“This is the life!”
Ten minutes into the boat ride, soaked in wet clothes, I was left alone with my thoughts. The other three stayed at the rear, carrying on with their conversation in a dialect I have to learn quickly. The assimilation process would be difficult but with the knowledge on how to understand and be understood, my transition would go smoother.
“You know, it’s my birthday today,” I announced, louder than the engine’s noise.
Manong, our host, approached me, leaving his friend and Rolly behind.
“Why didn’t you tell me yesterday? I could have bought chickens we could roast.”
I smiled, grateful for his generous thought. In the city, we usually buy retail dressed meat but here I was offered not only one but several.
“I don’t usually celebrate my birthday,” I confessed. “I always believe that only children are entitled to a feast.”
“For a man of the city, you are so different. When I asked Rolly about you, he simply laughed and said, ‘Tell me who he is.’ That reply was not I expected.”
I thought for a while, looking for words to simplify my explanation.
“I am a very private person. If you ask ten people who knew me personally, I am very sure they would describe me in ten various ways.”
“You mean, you’re a role player?”
“No, I am not,” I laughed at the term, contradicting the misinterpretation. “People misunderstood me a lot. In some way, they don’t understand how simple I live my life.”
“You have to be more specific. You’re losing me.”
“When I told Rolly I want to relocate here, you should have seen his face. He asked, ‘are you crazy? That place is in the middle of nowhere. Did you consult your family about this?’ He agreed to accompany me for a vacation. Not emigration.”

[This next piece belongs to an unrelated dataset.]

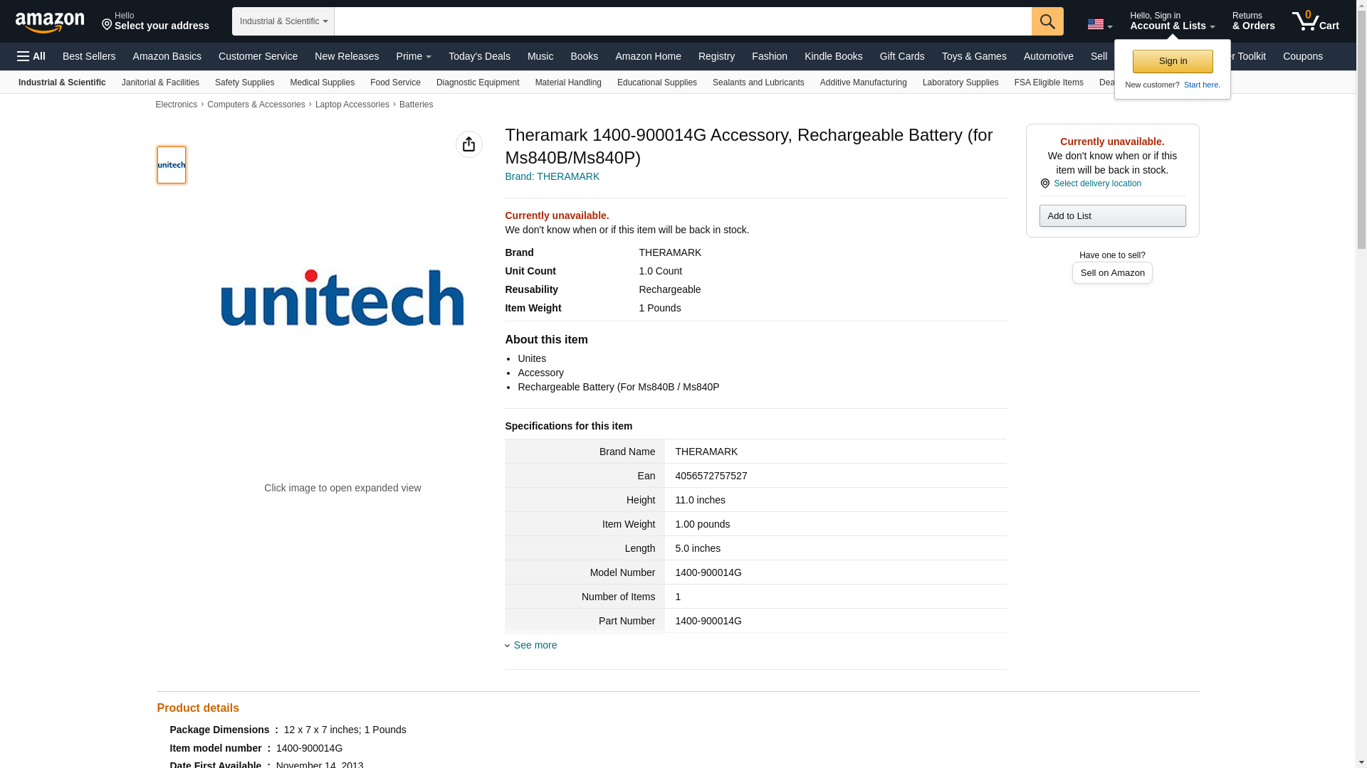 Theramark 1400-900014G Accessory, Rechargeable Battery (for Ms840B/Ms840P)

“I think he is correct,” Manong laughed, nodding repeatedly, But then he asked, “are you crazy?”
“Am I?” I asked back, waiting for his opinion. “Why do you live here? Are you crazy, too?”
“Of course, not.”
“Precisely,” I agreed, leading him to understand on how I think.
His thick lips cracked a smile, telling me that he was starting to follow my logic.
“I think Rolly did not want you to leave the easier life of the city. That’s why your idea sounded weird for him.”
“My cousin, Rolly’s wife, understood my reasons. She, too, wishes to leave the city because her two children suffer from asthma attacks. Too much pollution worsens their conditions. Also, their medication costs eat much of what he earns.”
“So you think that by moving here, you will not only save a lot from your daily expenses, you will have better living conditions.”
“Is that a crazy idea or what?” I winked.
Manong, who admitted early on that he finished only grade school, was enlightened to the simplicity of my motives. He was living the life that I wanted, which to him was just a normal life.
Not that difficult to understand at all.